Investor's Business Daily
February 27, 2007

Cuba Expels The Wrong Marx

Media: Cuba's expulsion of three journalists was a minor story, but shouldn't be. Not only does it show Cuba's growing fear of the spotlight, it raises questions about why others are still there.

It's no coincidence the same Western journalists who tell us all's well in Cuba — nothing here but vintage cars and mojitos — were not among those asked to go. In fact, their reporting has little in common with that of the Chicago Tribune's Gary Marx, the BBC's Stephen Gibbs or Cesar Gonzalez-Calero of Mexico's El Universal.

Under intolerable conditions — spied on by secret police, sources harassed by government goons — these three managed to paint a credible picture of Cuba. That's important because big changes are coming with the demise of the Castro regime, and it might not be a Velvet Revolution.

Cuba's military is restless, Florida civil authorities are making contingency plans for a freedom flotilla, and Hugo Chavez's potential role will be unknown. But at least we could grasp underlying conditions from the journalists whose visas the regime refused to renew.

Marx (Gary, that is) wrote of the disillusionment of Cuba's youth with communism, fakery at Castro's military parades and how the Cuban black market works.

Gonzalez-Calero chronicled long lines, lousy train rides and savings devaluations. He also asked the key question of who was running Cuba and highlighted the fact that the Cuban government had no intention of telling.

Gibb reported on Cuba's social disintegration, including AIDS camps and strange traffic like husband-selling.

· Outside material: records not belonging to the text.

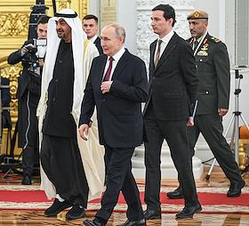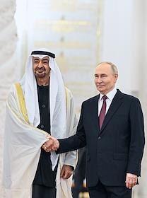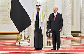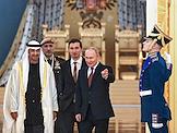 Переговоры президента России Владимира Путина с президентом Объединенных Арабских Эмиратов (ОАЭ) Мухаммедом Бен Заидом Аль Нахайяном в Большом Кремлевском дворце. Президент ОАЭ Мухаммед Бен Заид Аль Нахайян (слева) и президент России Владимир Путин (в центре) на церемонии официальной встречи перед началом переговоров.
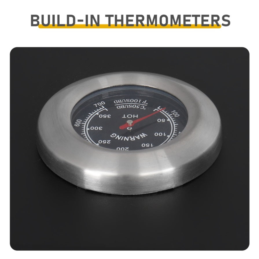 3. Convenient Front Charcoal Access: Two individual charcoal access doors let you add fuel without moving food or removing grates. Designed with cooling handles for added safety.
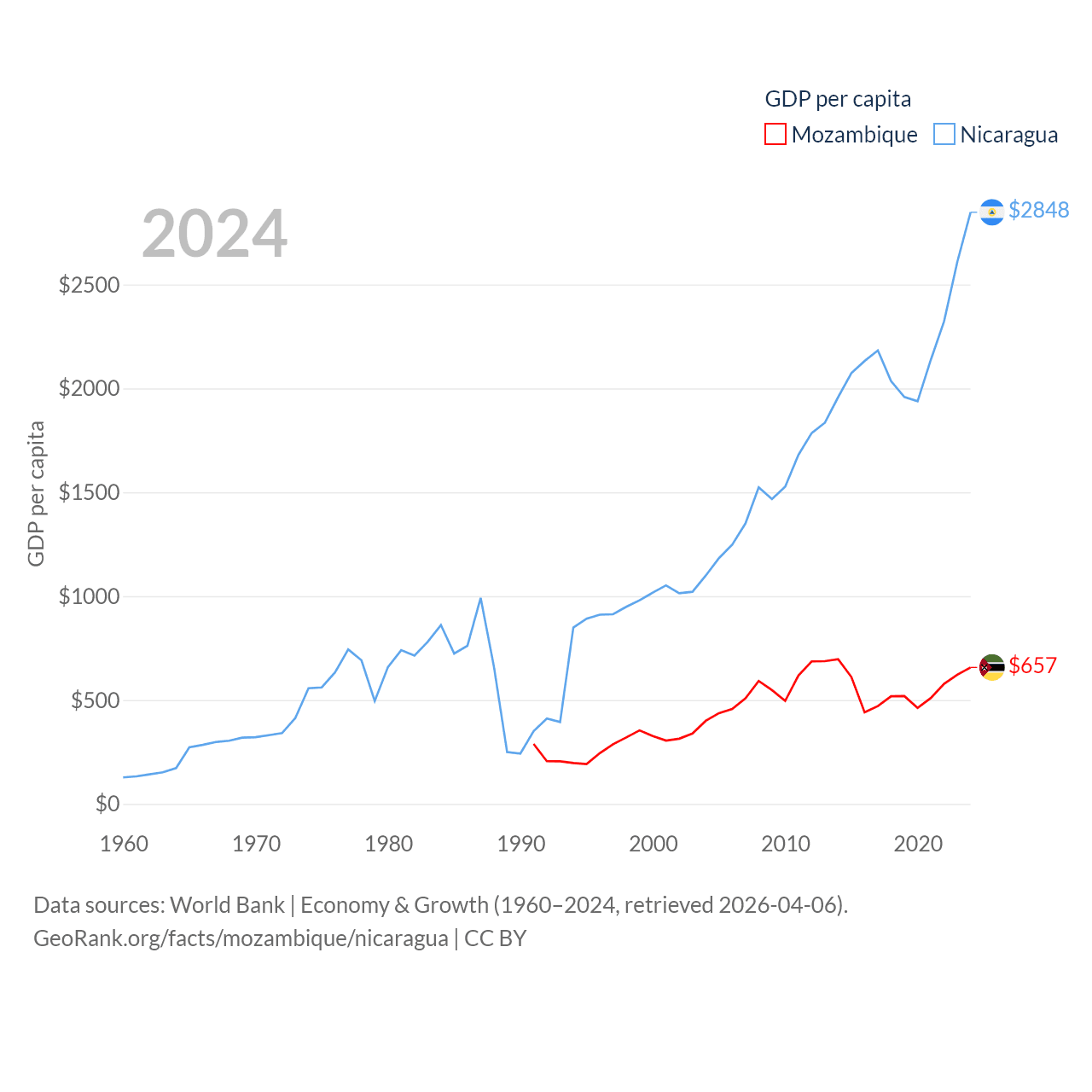 By GDP, Mozambique ranks 123/197 ($22.7B) and Nicaragua ranks 131/197 ($19.7B). By GDP per capita, Mozambique ranks 189/197 ($657), while Nicaragua ranks 141/197 ($2,848).

All of it was valuable. In the Internet Age it's not complicated to see why — it was verifiable. Marx's, Gonzalez-Calero's and Gibbs' accounts tended to match those of ordinary Cubans who escaped Castro's island prison to freedom and who can now speak freely — like the 23 Cubans who just made it to Key West on Tuesday after multiple attempts. Their reporting matched exile news services like CubaNet.com, as well as the exile photographs seen on Web sites like TheRealCuba.com. It also matched the scholarly research like that found at the University of Miami's Cuba Transition Project.

What it didn't match was the tripe put out by Cuba's state press, touting the "achievements" of communism. Cuban authorities told Marx his work was "negative." Gonzalez-Calero was thrown out for "reporting in a way that does not comport with the Cuban government."

If professional standards mean anything to the mainstream media, getting expelled for that reason is a badge of honor.

Which brings up why remaining correspondents inside Cuba aren't red-faced about not being thrown out.

As with the CNN correspondents who admitted they slanted prewar Iraq coverage to avoid getting their visas revoked by Saddam Hussein, one sees some of this very behavior in the Cuban correspondents and one wonders what the value of such cowardice is. It's a problem for anyone covering a totalitarian regime. But few reporters excused Hussein's regime the way some do Cuba's.

Earlier this week, unexpelled Reuters correspondent Marc Frank wrote about Cuba's latest failed sugar harvest, making no effort to look up why government price-setting creates the same disastrous result over and over. Like the Soviets of old, he blamed the weather.

Not everything Frank does is bad, but the ex-People's Daily World staffer states in many of his reports that Cuba's economic problems are a byproduct of the U.S. embargo rather than the failures of socialism.

Not to be outdone, Anita Snow of the Associated Press is the go-to person for every Western fringe leftist visiting Cuba and parroting Castro's priorities.

Journalists who fail to pass along the realities of a dictatorship are not only doing their readers a disservice. They're also being foolish. One day the Castro regime will fall, and when the Cuban secret police files are opened, there could be a reckoning of what the truth of this regime and their role in its enablement really was.